Dengan mottonya Tetap Mboten Ngapusi " Mboten Korupsi semoga Ganjar " Yassin dapat menjalani amanah ini sampai purna. Artinya tidak ada gangguan - gangguan, atau turbulensi yang mengakibatkan duet ini ada persoalan di tengah jalan. Sebab saya meyakini jika terjadi sesuatu pastilah rakyat Jawa Tengah yang paling rugi. Karenanya keputusan PDI Perjuangan tetap memberikan rekomendasi kepada pria berambut perak ini pasti sudah melalui pertimbangan matang.

Kepada Gus Yassin, pada kesempatan ini saya ingin menyampaikan harapan, semoga dapat mengemban amanah dengan baik. Kalau sejauh ini kiprah dan pengabdiannya belum banyak diketahui publik, harapan saya karena media belum melihat sebagai tokoh seksi yang menjadi target. Karenanya sekarang adalah saat yang tepat untuk unjuk diri, unjuk karya, dengan jabatan yang melekat sebagai wakil gubernur.
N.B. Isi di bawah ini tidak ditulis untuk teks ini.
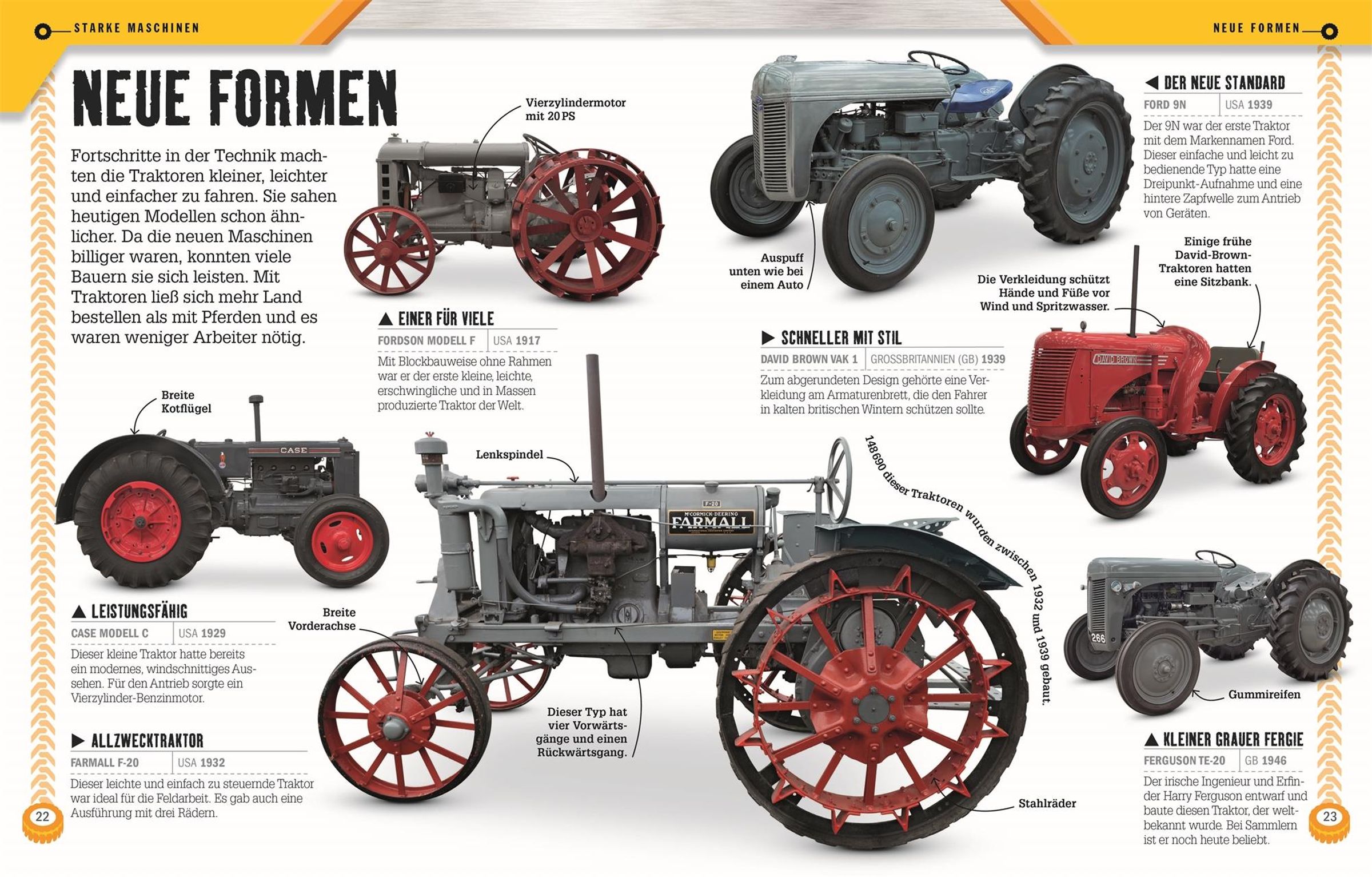 Dieses Buch steckt voller Power! Über 100 Jahre lang gibt es schon Traktoren und andere Landmaschinen. Seit ihrer Erfindung werden sie immer weiterentwickelt und unseren Bedürfnissen angepasst. Von den ersten Traktoren mit Dampfkraft bis zu den modernsten Monstermaschinen - zwischen diesen Seiten verstecken sich 130 verschiedene Modelle, die mit Foto, Steckbrief, Hintergrundinfos, Größenverhältnissen und vielem mehr vorgestellt werden. Über 400 Bilder sorgen für ein spannendes, bildgewaltiges Lesevergnügen. Kuriose Fakten, besondere Modelle und Anekdoten werden witzig in den Vordergrund gestellt, sodass die Fahrzeuge trotz der vielen Infos nie ins seichte Fahrwasser geraten. Hier gibt's Trecker für alle Geschmäcker und Traktorliebhaber jeden Alters!

Jabatan itu adalah amanah. Saya berharap kalau selama ini, sebagai politisi Gus Yassin belum banyak muncul, atau publik melihat, tentu bukan karena kurangnya kiprah dan sepi pengabdian. Tetapi pers seringkali menafikkan tokoh tokoh dan memandang sebelah mata karena cara pandang yang berbeda. Atau banyak tokoh yang kiprahnya luar biasa tetapi hadir pada momentum yang tidak tepat.

Ingatan kita masih segar atas prestasi Lalu Muhammad Zohri, sprinter muda Lombok yang mengguncang perhatian kita. Untuk diketahui, sesungguhnya banyak prestasi prestasi seperti itu, tetapi momentumnya sedang tidak berpihak pada mereka. Atau barangkali aksi heroik dramatik Jhoni pemanjat tiang bendera di NTT. Bintang kejora sedang berpihak padanya sampai sampai Presiden mengundang ke Istrana.

Itulah barangkali anlog analog yang bisa jadi catatan dan renungan kita. Hadirnya Gus Yassin menggugah saya untuk bermimpi, Jawa Tengah akan lebih madani. Civil Society akan tumbuh, berkembang dan kokoh di sini . Spririt desa yang madesan, dengan corak gotong royong, dan keharmonisannya akan terevitalisasi. Langgar atau Surau hidup berdenyut lagi, tak sepi karena tontonan tivi lebih jadi magnet.

Sekarang ini desa makin terpinggirkan. Spiritualisme dan komunalisme hancur karena digedor pesona televisi sampai ke relung relung kampung. Budaya agrasis mati suri, karena anak anak desa tak lagi mau bertani. Kemiskinan makin sistemik. Rakyat kesulitan mencari pupuk, sementara retail retail modern menggusur warung warung kampung, dan membuat pasar terpapar.

Siapa yang harus menjawab semua ini…? Ganjar dan Gus Yassin semoga catatan ini menjadi jembatan yang menghubungkan keriunduan masyarakat Jawa Tengah untuk dapat menjadi tuan rumah di kampung halamannya sendiri.